━━━ The input ━━━
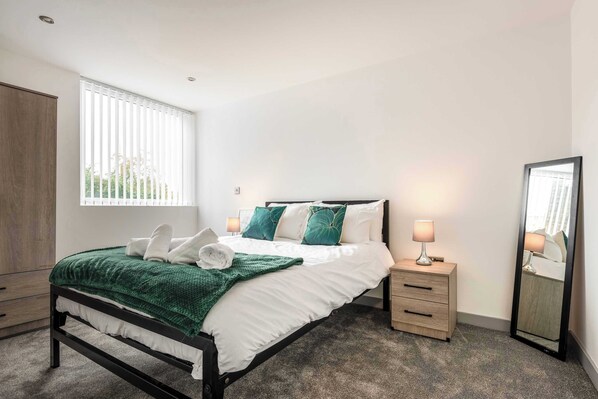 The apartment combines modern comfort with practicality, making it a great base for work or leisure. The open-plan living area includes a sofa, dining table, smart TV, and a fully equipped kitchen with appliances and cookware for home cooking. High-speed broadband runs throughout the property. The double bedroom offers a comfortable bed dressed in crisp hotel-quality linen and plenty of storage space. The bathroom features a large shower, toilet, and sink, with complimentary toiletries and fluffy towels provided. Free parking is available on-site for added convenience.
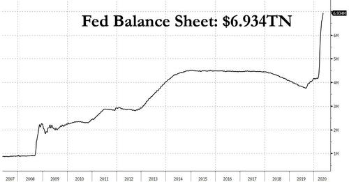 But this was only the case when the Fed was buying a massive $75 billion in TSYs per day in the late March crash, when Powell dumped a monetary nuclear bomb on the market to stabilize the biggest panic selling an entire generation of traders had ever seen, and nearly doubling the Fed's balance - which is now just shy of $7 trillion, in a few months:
━━━
━━━ The input ━━━
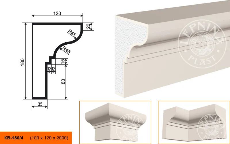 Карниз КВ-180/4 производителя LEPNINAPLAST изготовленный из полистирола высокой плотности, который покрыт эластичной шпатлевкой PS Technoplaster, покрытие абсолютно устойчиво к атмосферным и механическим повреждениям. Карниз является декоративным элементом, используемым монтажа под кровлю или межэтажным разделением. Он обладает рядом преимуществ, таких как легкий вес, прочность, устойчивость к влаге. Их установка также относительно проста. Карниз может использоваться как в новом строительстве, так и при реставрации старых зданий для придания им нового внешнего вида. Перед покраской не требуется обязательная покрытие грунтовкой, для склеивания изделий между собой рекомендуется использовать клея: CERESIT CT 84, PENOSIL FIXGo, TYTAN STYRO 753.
━━━
■ Prompt: Once the line with "The apartment combines" has been found above, output that line and every later line exactly, stopping after the line with "But this was", and omit the pictures.

■ The completed task:
 The apartment combines modern comfort with practicality, making it a great base for work or leisure. The open-plan living area includes a sofa, dining table, smart TV, and a fully equipped kitchen with appliances and cookware for home cooking. High-speed broadband runs throughout the property. The double bedroom offers a comfortable bed dressed in crisp hotel-quality linen and plenty of storage space. The bathroom features a large shower, toilet, and sink, with complimentary toiletries and fluffy towels provided. Free parking is available on-site for added convenience.
 But this was only the case when the Fed was buying a massive $75 billion in TSYs per day in the late March crash, when Powell dumped a monetary nuclear bomb on the market to stabilize the biggest panic selling an entire generation of traders had ever seen, and nearly doubling the Fed's balance - which is now just shy of $7 trillion, in a few months:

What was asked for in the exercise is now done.